# Problem statement
Only the lines from the one containing "Leather dad shoes" through the end of the listing are to be repeated, exactly and without pictures.

# Data below
= Beginning of Section =
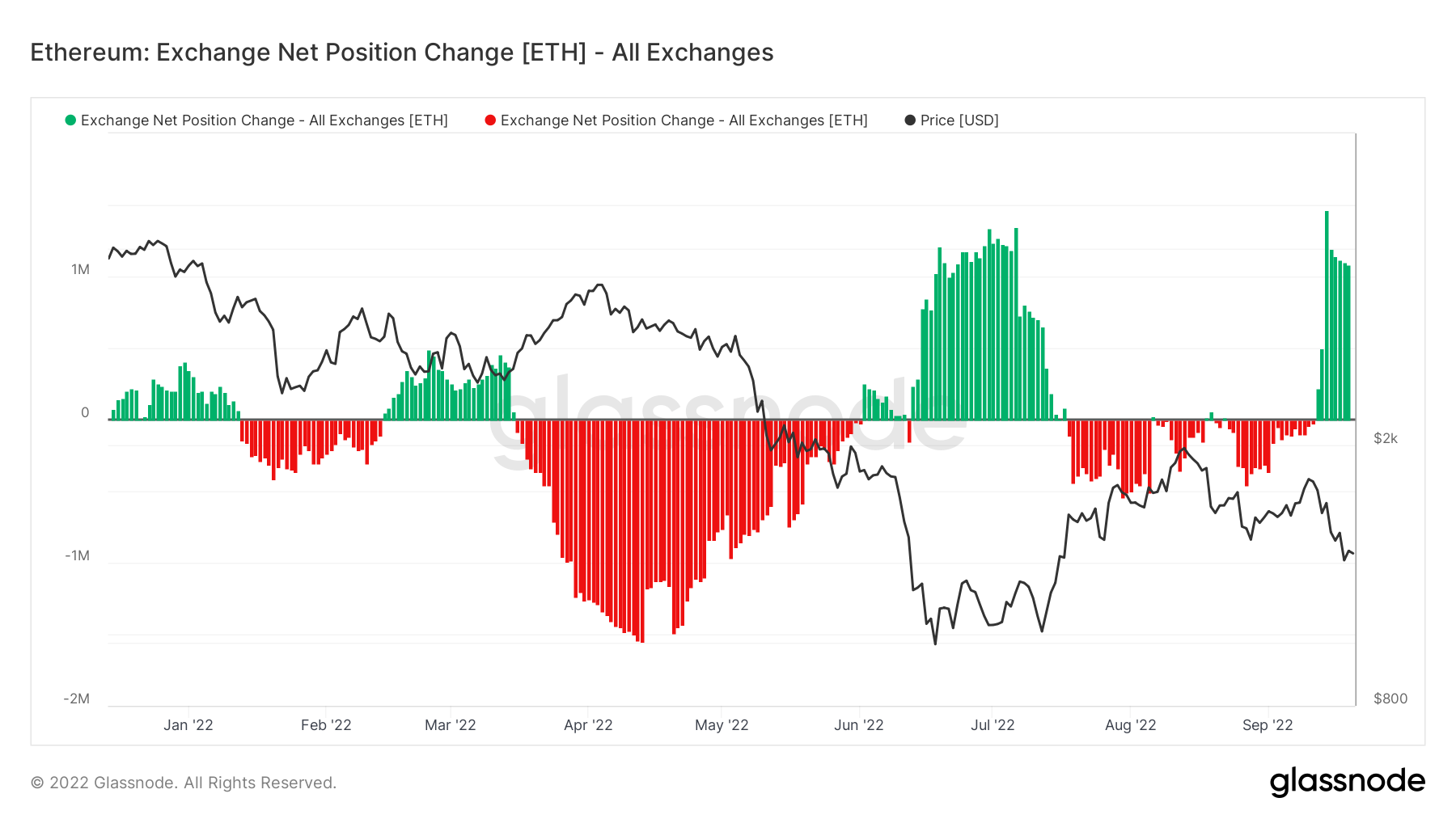 Wie die Daten von Analysefirma Glassnode zeigen, flossen unmittelbar nach dem Merge unglaublich viele Ethereum zu Börsenaccounts. Üblicherweise wird dieses Vorgehen als Zeichen für anstehende Preisstürze gesehen. Die Vermutung dahinter: Investoren senden ihre Kryptos von den Hardware Wallets auf die Börsen, um sie dort zu verkaufen.
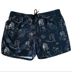 Forever 21 Swim Men’s Drawstring Trunks Size XL Black and White Graphic Design
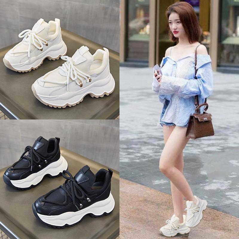 Leather dad shoes women's 2025 new autumn and winter platform heightening white shoes casual versatile lace-up sports shoes women
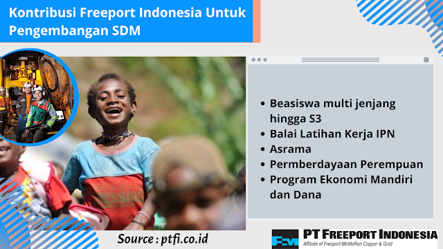 PTFI juga memiliki fokus terhadap pembangunan dan pengembangan Sumber Daya Manusia, gunanya untuk memperkarya masyarakat asli Papua menjadi lebih mandiri dan kompeten di bidang pertambangan. Bersama LPMAK, ternyata PTFI sudah memberikan beasiswa terhadap 11.000 siswa mulai tingkat SD hingga S3.
= End of Section =
# Your solution
 Leather dad shoes women's 2025 new autumn and winter platform heightening white shoes casual versatile lace-up sports shoes women
 PTFI juga memiliki fokus terhadap pembangunan dan pengembangan Sumber Daya Manusia, gunanya untuk memperkarya masyarakat asli Papua menjadi lebih mandiri dan kompeten di bidang pertambangan. Bersama LPMAK, ternyata PTFI sudah memberikan beasiswa terhadap 11.000 siswa mulai tingkat SD hingga S3.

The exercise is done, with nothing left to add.